Career arc brings sculptor Erin Shirreff back to the site of her inspiration

Apr. 26—When Erin Shirreff moved to Santa Fe in 1998, she was a recent college graduate searching for an entry into the art world. And now, several years later, she's a sculptor featured in an exhibition at the same institution where she once worked as an intern.

Shirreff's show, Folded Stone, is at SITE Santa Fe through May 27, and it includes both three-dimensional wall art and sculptures that were fabricated or cast at a foundry. One large piece made from angular planes of aluminum bolted together on two seams dominates the center of the room it's in. Her other sculptures in the exhibit are smaller bronze casts of maquettes she made from foamcore and cardboard.

Shirreff, who is now based in Montreal, Canada, was born and raised in British Columbia, Canada.

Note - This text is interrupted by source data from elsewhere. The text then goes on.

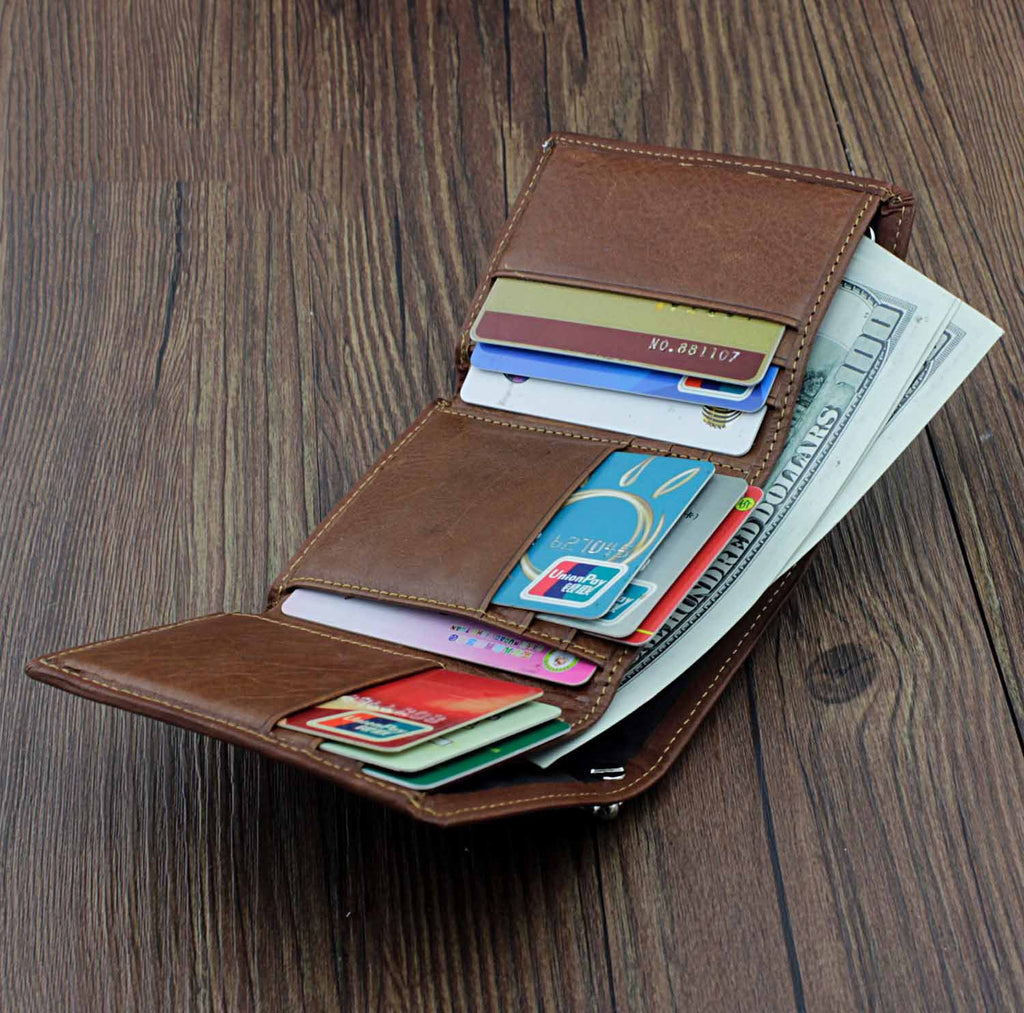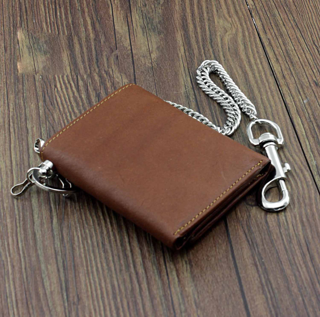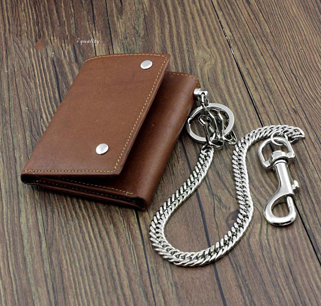 Design: Badass Brown Leather Men's Trifold Small Biker Wallet Chain Wallet Wallet with chain For Men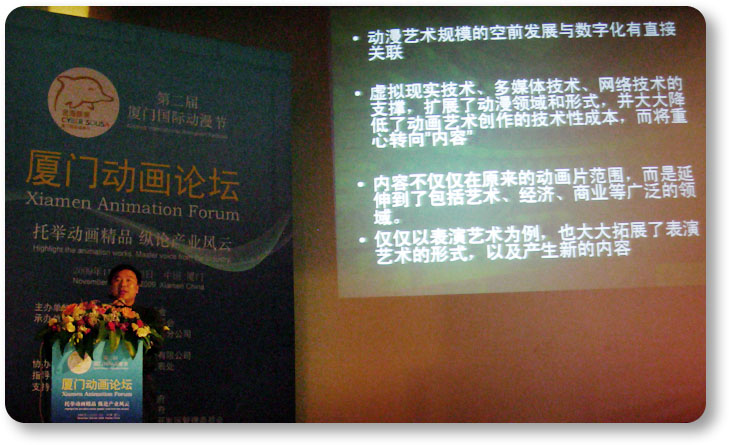 韩生经理在第二届厦门国际动漫节动画论坛上作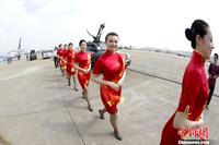 每一屆珠海航展都會有許多佳麗現身,而這次航展上的直升機模特更是讓觀眾大飽眼福。陳海峰 攝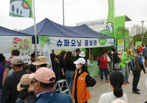 이번에 진행된 행사에는 거리두기 해제 후 평택에서 열린 첫 대면행사인 만큼 평택시민 건강걷기대회에 참여한 4천여명의 시민들을 대상으로 슈퍼오닝 홍보관을 운영해 평택시 농·특산물 통합브랜드 슈퍼오닝 품목인 쌀, 배, 오이, 애호박, 토마토 등을 전시와 더불어 시식회를 진행, 평택농산물의 우수성을 홍보해 대회에 참여한 시민들로부터 큰 호응을 얻었다.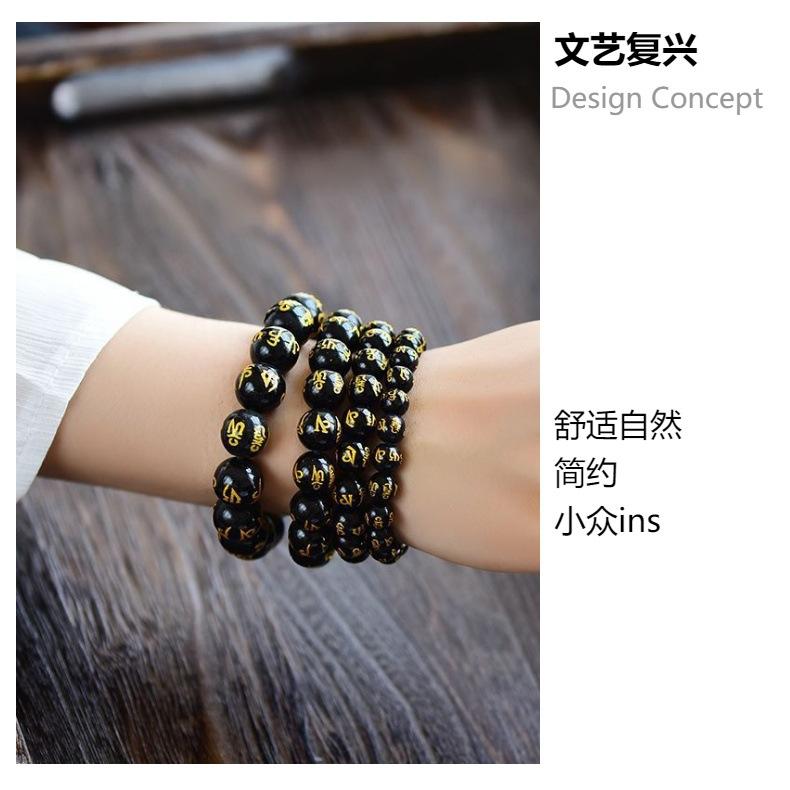 10mm19 pieces [six words mantra] Obsidian bracelet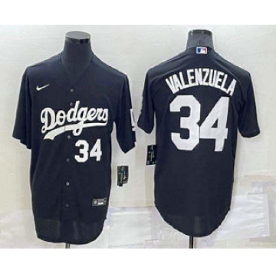 Men's Los Angeles Dodgers #34 Fernando Valenzuela Number Black Cool Base Stitched Baseball Jersey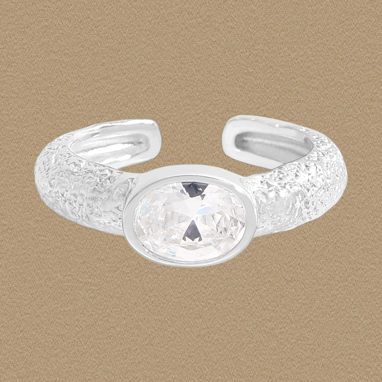 • Style: An elegant open-band design allows for comfortable wear and a modern silhouette. The central oval stone adds a timeless touch, making it versatile for both everyday elegance and special occasions.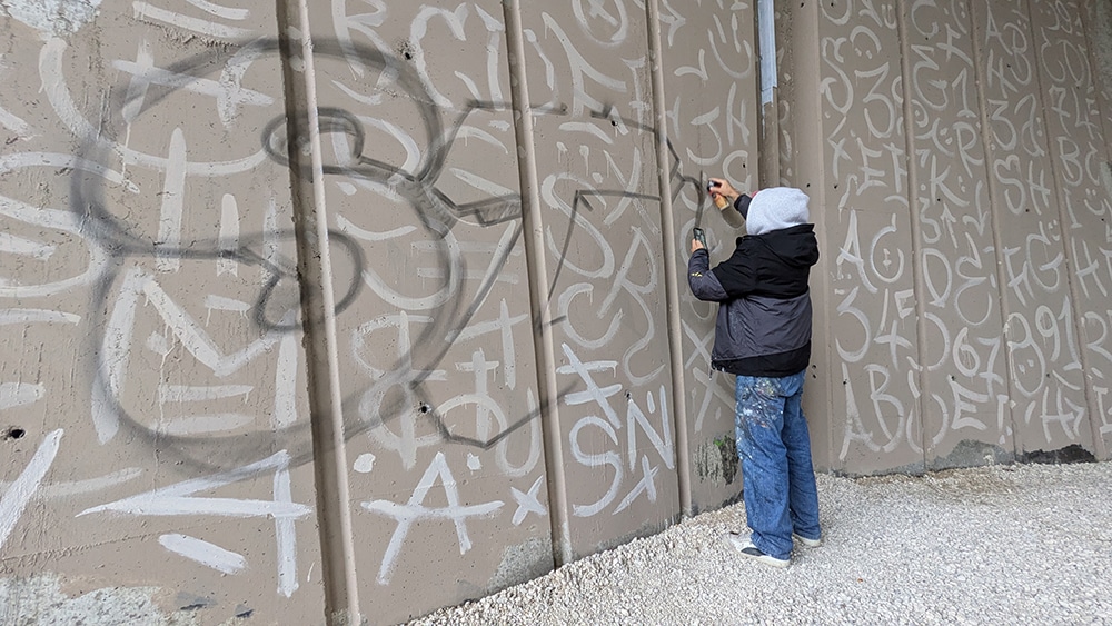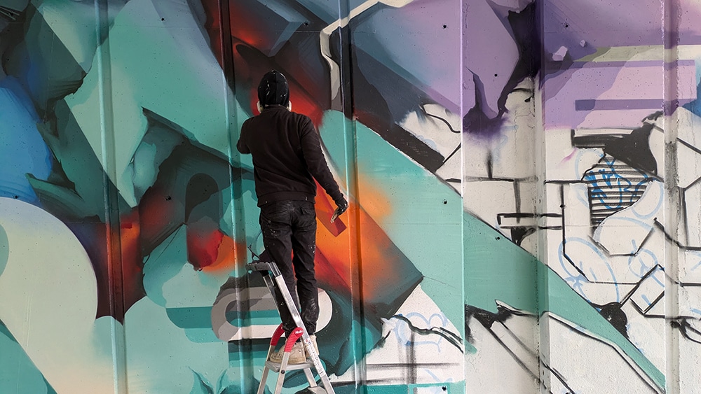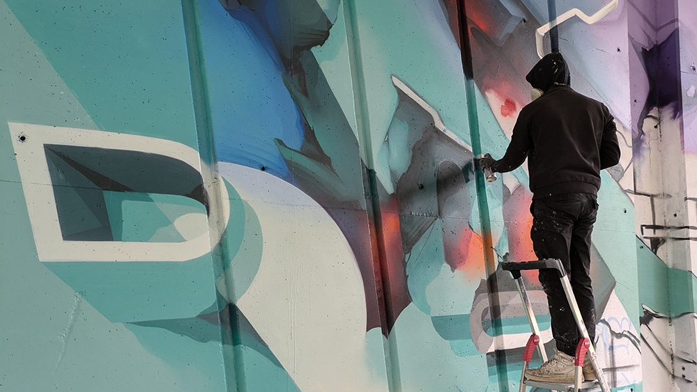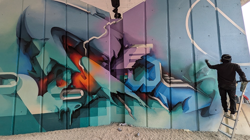 L’artiste Does, connu pour son style abstrait et sophistiqué, a signé une fresque dynamique et moderne. Mélangeant des formes géométriques, des dégradés subtils et des couleurs intenses, il crée une œuvre fluide qui combine harmonieusement le graffiti traditionnel et l’art contemporain. Inspirée par le mouvement et l’énergie, la fresque s’intègre parfaitement à l’environnement, offrant une interprétation abstraite qui stimule l’imagination. Cette création reflète l’esprit novateur et urbain du « Spot« .

She was drawn to art from an early age, she says, and her ambition to be an artist developed when she was studying for her bachelor of fine arts degree at the University of Victoria. After graduation, she joined the team at SITE in the publications department and says her time in Santa Fe made a huge difference in her trajectory.

details

Erin Shirreff's Folded Stone

* Through May 27

* SITE Santa Fe

* 1606 Paseo de Peralta

* Free

* 505-989-1199; sitesantafe.org

"I had a very vestigial understanding of art and contemporary art at that point, and [moving to Santa Fe] was a very transformative experience," she says. "I was coming from Canada, and I was just becoming an adult. I was only 20 and was at a museum that had very ambitious programming and intentions for their exhibitions. I was working with very high-level artists and curators, and I just sort of soaked it up."

For three years, Shirreff had a front-row seat for the behind-the-scenes action of putting together an exhibition.

In 2001, she followed her own muse to New York, and two years later she started studying for an MFA at Yale University. She graduated in 2005, taking a much-needed break between her undergraduate and graduate degrees.

"I had a really important five years between the two," she says. "I used to think that everybody should have a break, but everyone goes through their lives in whatever way makes sense. I know that now. But I don't really see the point in rushing through to grad school. For me, it was a chance to take myself out of regular life and re-commit to my practice — stop my life and take myself seriously."

Shirreff says she's worked in a variety of mediums over the years, from photography to sculpture. Before she started working with foundries, she presided over every part of the sculpting process.

She worked with cast plaster previously but also sculpted out of ash before she started working with metal. The large sculpture — the attention-grabber — was fabricated out of aluminum by Versteeg Art Fabricators, a company based in Connecticut. Shirreff says the sculpture was brought into the museum in three parts through the loading dock and bolted together on site.

"It's 3/4 -inch-thick plates of aluminum. But it's very stable," she says. "When you first enter the space from the gray room and see it, it appears very three dimensional. But as you walk around it, it folds into space and becomes very thin and attenuated. Even though it does look very thin and almost digital from some perspectives, it is very heavy and solid."

The challenge of working on a piece that big is that she doesn't know what it will look and feel like until she's standing next to it, so she works on a smaller prototype before sending it to be fabricated.

"I definitely have made things in my studio where I've realized halfway through that I need to hire an assistant because I'm not going be able to lift it," she says. "I've painted myself into a corner in that way a couple times."

As for her bronze casts, Shirreff says her sculptures start in foamcore and cardboard and then are taken to a foundry, which, for her smaller pieces, is at the Urban Art Project in Rock Tavern, New York. The small sculptures are made by a process called sandcasting, and Shirreff says she doesn't enlarge or miniaturize the designs she sends to the foundry.

"I start taping and gluing things together in my studio like a three-dimensional drawing," she says of her maquettes. "For any given sculpture, there's many iterations in various stages and sizes.

"The thing that's great about working small is I can see what something looks like without having the material translation. I can't see it in bronze, but I can see what it will feel like with my body because it will be the same size."